**TASK INSTRUCTIONS:**
Quote only the span from the first line of the entries to the line containing "第二,非典疫情對零售商品價格", both ends kept. Leave every picture out.

——————

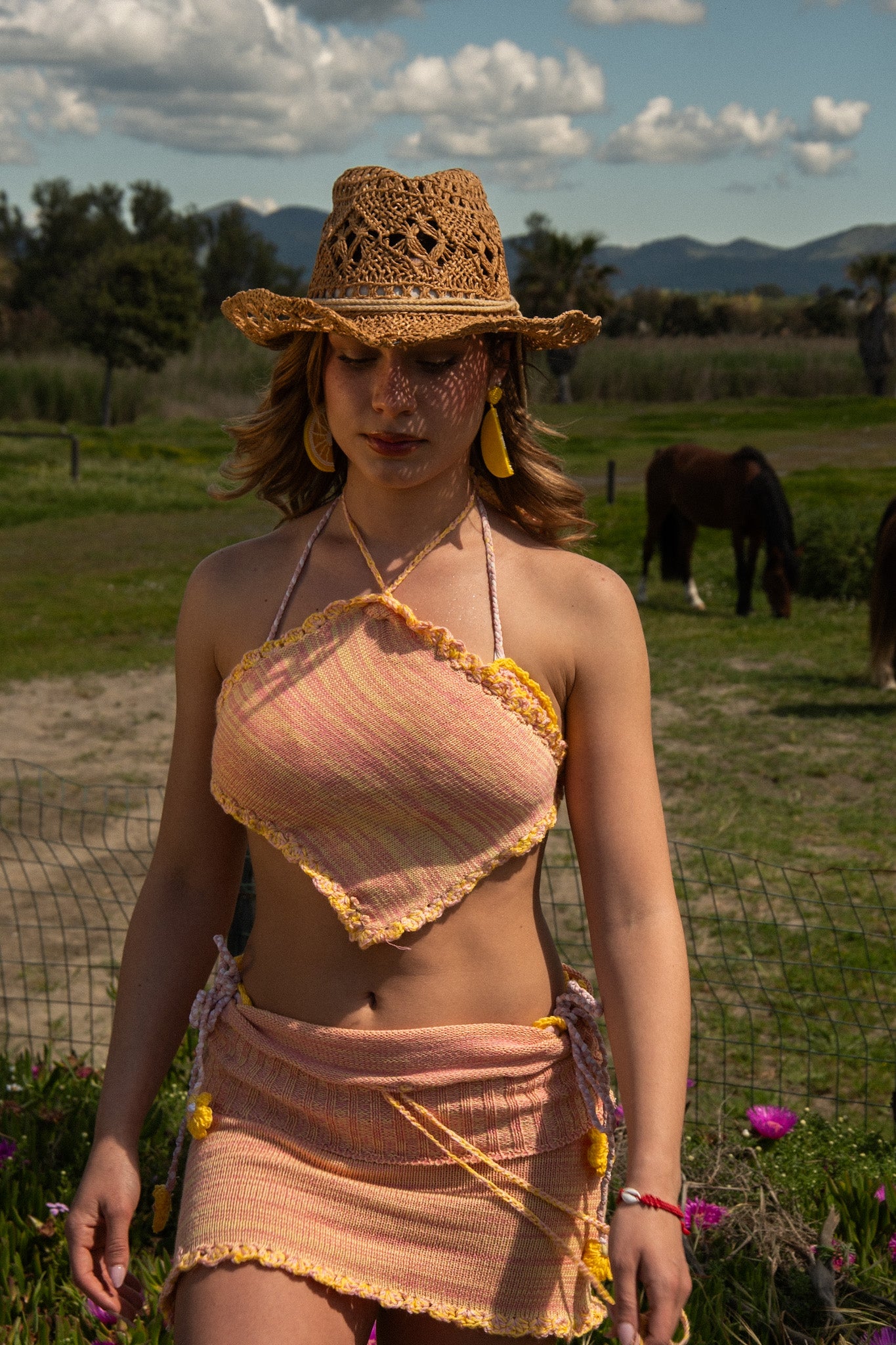 Set realizzato manualmente con macchinario industriale di maglieria, composto da due pezzi.
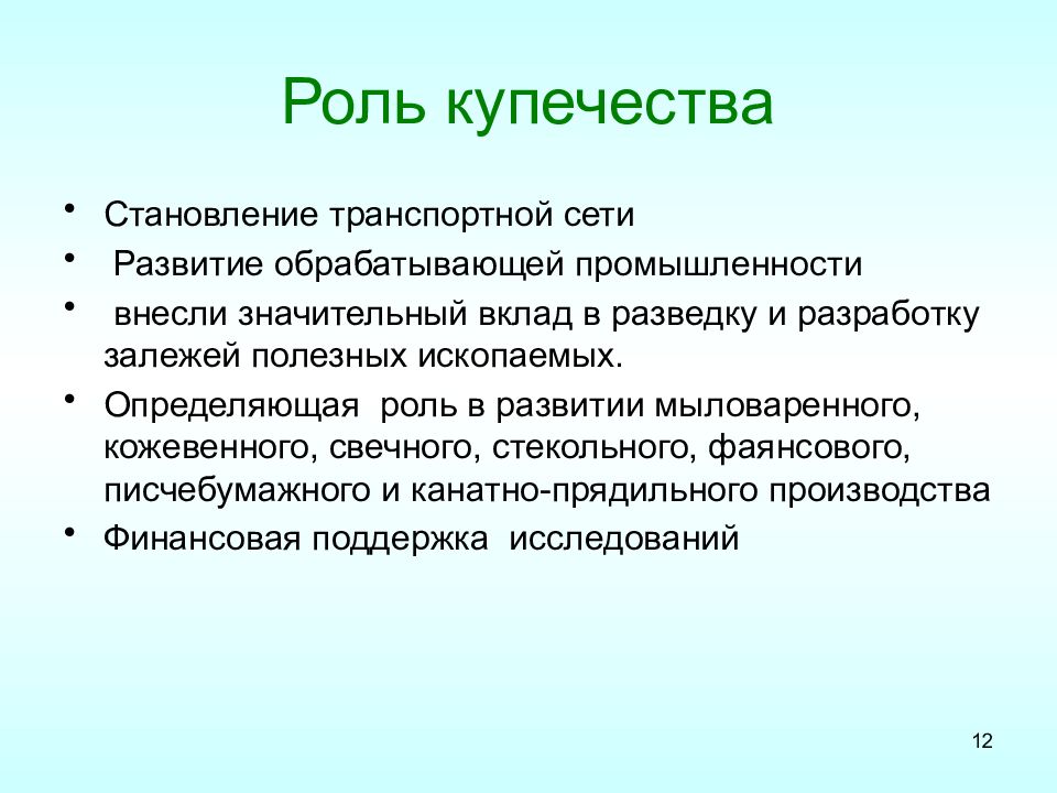 Становление транспортной сети Развитие обрабатывающей промышленности внесли значительный вклад в разведку и разработку залежей полезных ископаемых. Определяющая роль в развитии мыловаренного, кожевенного, свечного, стекольного, фаянсового, писчебумажного и канатно-прядильного производства Финансовая поддержка исследований 12
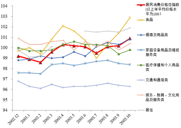 第二,非典疫情對零售商品價格產生結構性影響。在非典疫情影響下,2003年上海居民消費者價格總指數在4至6月出現一個波峰,其值均超過100;其他價格指數在4月與5月超過100的有食品、醫療保健和個人用品。上海食品價格指數受非典疫情影響最大,其波動與疫情周期基本同步。上海食品價格指數在2003年4月與5月處于較高位置,分別為102.1和101.6。非典疫情期間,食品價格波動與食品特性及疫情防控有關。在食品保質期較短的影響下,食品存量有限;受制于非典防控,食品生產供給受阻。醫療保健和個人用品價格指數受疫情影響也非常明顯,影響周期較長。醫療保健和個人用品價格指數在4月至8月之間全部超過100。受非典疫情影響,娛樂、教育、文化用品及服務價格指數在5月跌落至99.8。非典疫情期間,上海居民外出大幅減少,具有人員接觸較多特性的娛樂等服務業客源較少,因此其價格也會出現下降。
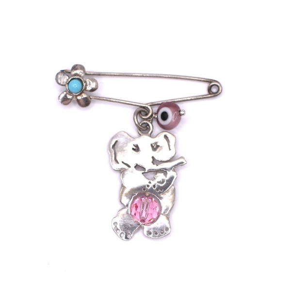 Υπέροχη παιδική παραμάνα σε ασήμι 925 για κοριτσάκι,πάνω στην παραμάνα έχει ένα λουλουδάκι με πέτρα σιελ και κρέμεται ένα ελεφαντάκι με ροζ ματάκι που γίνεται και μενταγιόν σε λουστέ φινίρισμα.Μπορείτε να το κρεμάσετε στο κρεβατάκι του μωρού σας.
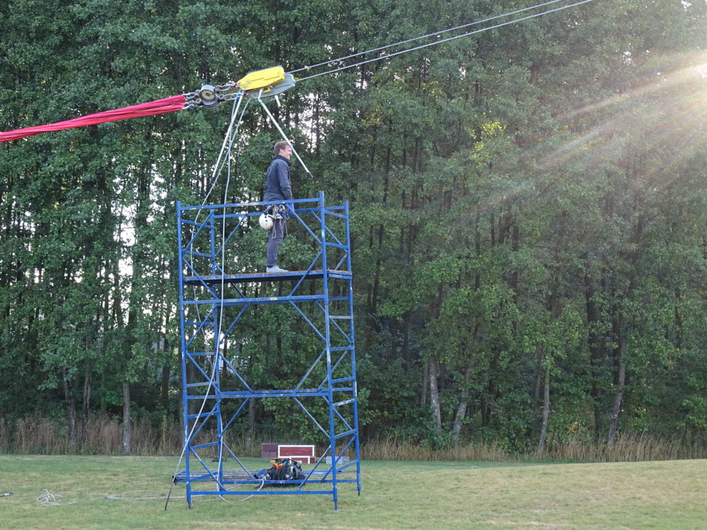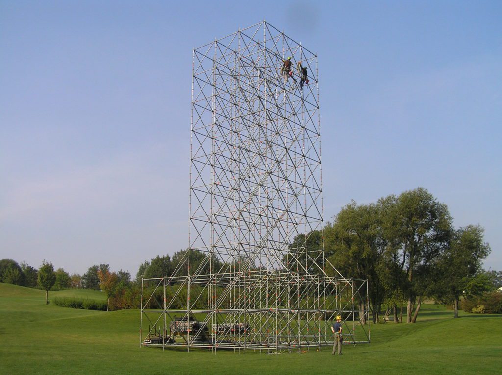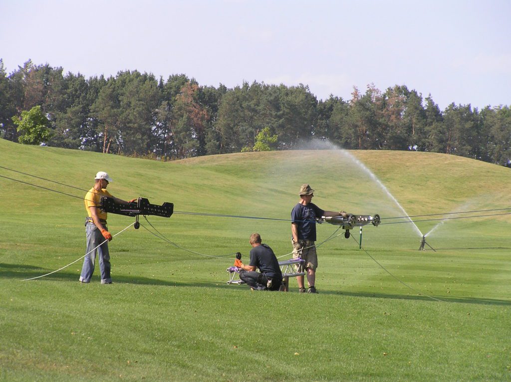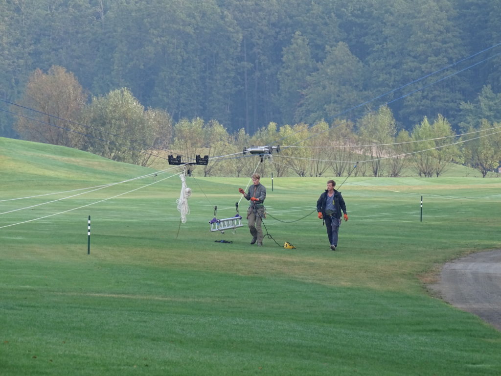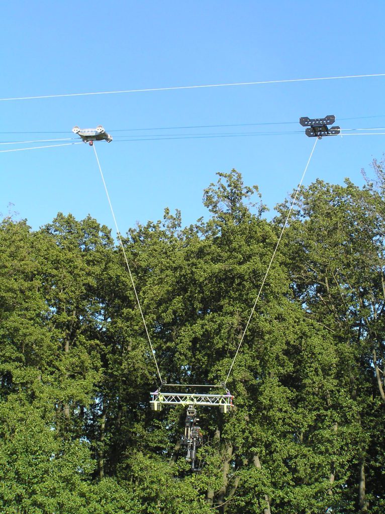 На травяном покрытии гольф-поля были построены две башни из строительных лесов высотой 20 м., расстояние между башнями составляло 250 м. На расстоянии 150м. от каждой башни находились точки крепления несущих тросов — группы бетонных блоков общей массой по 6 т. каждая. Все эти 4 объекта были выставлены на одной прямой. В качестве несущего троса использовался синтетический кевларовый трос. Творческий замысле режиссера требовал, чтобы камера сопровождала летящий после удара гольфистом мяч. Мяч после удара поднимался с уровня земли на высоту 15 м. и затем падал в воду озера. Все это, включая касание объективом камеры воды и было реализовано с помощью тросовой дороги и лебедок Фильмотехник. Монтаж и тест занял две двенадцатичасовые смены. На третий день была проведена съемка и демонтаж. Работа проводилась бригадой из 6 человек.

——————

**TASK RESPONSE:**
 Set realizzato manualmente con macchinario industriale di maglieria, composto da due pezzi.
 Становление транспортной сети Развитие обрабатывающей промышленности внесли значительный вклад в разведку и разработку залежей полезных ископаемых. Определяющая роль в развитии мыловаренного, кожевенного, свечного, стекольного, фаянсового, писчебумажного и канатно-прядильного производства Финансовая поддержка исследований 12
 第二,非典疫情對零售商品價格產生結構性影響。在非典疫情影響下,2003年上海居民消費者價格總指數在4至6月出現一個波峰,其值均超過100;其他價格指數在4月與5月超過100的有食品、醫療保健和個人用品。上海食品價格指數受非典疫情影響最大,其波動與疫情周期基本同步。上海食品價格指數在2003年4月與5月處于較高位置,分別為102.1和101.6。非典疫情期間,食品價格波動與食品特性及疫情防控有關。在食品保質期較短的影響下,食品存量有限;受制于非典防控,食品生產供給受阻。醫療保健和個人用品價格指數受疫情影響也非常明顯,影響周期較長。醫療保健和個人用品價格指數在4月至8月之間全部超過100。受非典疫情影響,娛樂、教育、文化用品及服務價格指數在5月跌落至99.8。非典疫情期間,上海居民外出大幅減少,具有人員接觸較多特性的娛樂等服務業客源較少,因此其價格也會出現下降。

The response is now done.